Segment Start: DATASET CONTENT

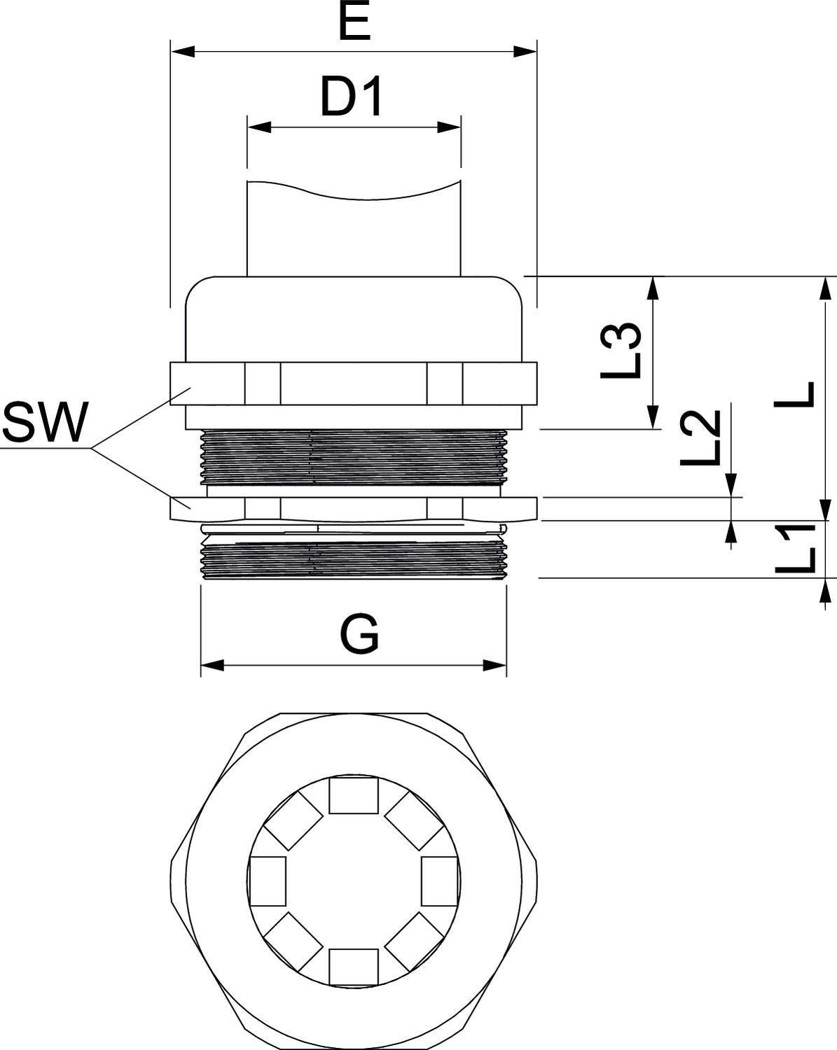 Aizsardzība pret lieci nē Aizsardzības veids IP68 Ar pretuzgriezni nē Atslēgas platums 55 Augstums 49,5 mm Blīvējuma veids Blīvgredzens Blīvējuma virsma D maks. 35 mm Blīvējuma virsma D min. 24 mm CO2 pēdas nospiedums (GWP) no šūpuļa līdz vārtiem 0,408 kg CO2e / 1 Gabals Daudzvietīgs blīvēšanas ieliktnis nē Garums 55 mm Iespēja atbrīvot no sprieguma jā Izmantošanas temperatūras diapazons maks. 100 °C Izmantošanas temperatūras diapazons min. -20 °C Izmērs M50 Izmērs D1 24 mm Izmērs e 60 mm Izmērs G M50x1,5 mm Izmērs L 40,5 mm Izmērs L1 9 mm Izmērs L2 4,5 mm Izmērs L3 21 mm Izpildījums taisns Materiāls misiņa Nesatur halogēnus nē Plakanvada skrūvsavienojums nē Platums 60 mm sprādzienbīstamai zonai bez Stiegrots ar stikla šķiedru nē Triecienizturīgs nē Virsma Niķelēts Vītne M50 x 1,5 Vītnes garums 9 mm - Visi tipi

Segment End: DATASET CONTENT
Segment Start: DATASET CONTENT

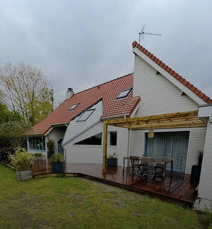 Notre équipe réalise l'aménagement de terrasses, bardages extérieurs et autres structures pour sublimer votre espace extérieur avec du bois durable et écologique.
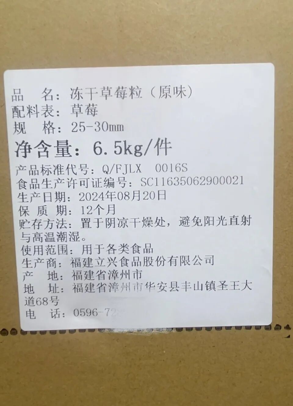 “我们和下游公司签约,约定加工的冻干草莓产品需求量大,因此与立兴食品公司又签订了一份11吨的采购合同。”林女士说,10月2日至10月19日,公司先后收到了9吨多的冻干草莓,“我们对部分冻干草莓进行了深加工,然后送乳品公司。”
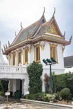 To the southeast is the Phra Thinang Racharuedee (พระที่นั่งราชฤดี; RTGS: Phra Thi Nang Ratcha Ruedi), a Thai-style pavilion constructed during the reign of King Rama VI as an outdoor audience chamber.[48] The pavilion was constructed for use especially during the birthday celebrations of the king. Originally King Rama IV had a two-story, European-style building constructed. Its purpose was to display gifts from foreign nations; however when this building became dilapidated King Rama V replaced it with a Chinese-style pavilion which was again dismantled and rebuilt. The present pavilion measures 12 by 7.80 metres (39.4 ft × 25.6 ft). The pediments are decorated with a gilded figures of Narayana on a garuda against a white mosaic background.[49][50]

Segment End: DATASET CONTENT

=== EXERCISE BRIEF ===
Could you transcribe exactly the entries above, but only the lines from the one with "Notre équipe réalise" through the one with "To the southeast", and without pictures?

=== SOLUTION FOR THIS EXERCISE ===
 Notre équipe réalise l'aménagement de terrasses, bardages extérieurs et autres structures pour sublimer votre espace extérieur avec du bois durable et écologique.
 “我们和下游公司签约,约定加工的冻干草莓产品需求量大,因此与立兴食品公司又签订了一份11吨的采购合同。”林女士说,10月2日至10月19日,公司先后收到了9吨多的冻干草莓,“我们对部分冻干草莓进行了深加工,然后送乳品公司。”
 To the southeast is the Phra Thinang Racharuedee (พระที่นั่งราชฤดี; RTGS: Phra Thi Nang Ratcha Ruedi), a Thai-style pavilion constructed during the reign of King Rama VI as an outdoor audience chamber.[48] The pavilion was constructed for use especially during the birthday celebrations of the king. Originally King Rama IV had a two-story, European-style building constructed. Its purpose was to display gifts from foreign nations; however when this building became dilapidated King Rama V replaced it with a Chinese-style pavilion which was again dismantled and rebuilt. The present pavilion measures 12 by 7.80 metres (39.4 ft × 25.6 ft). The pediments are decorated with a gilded figures of Narayana on a garuda against a white mosaic background.[49][50]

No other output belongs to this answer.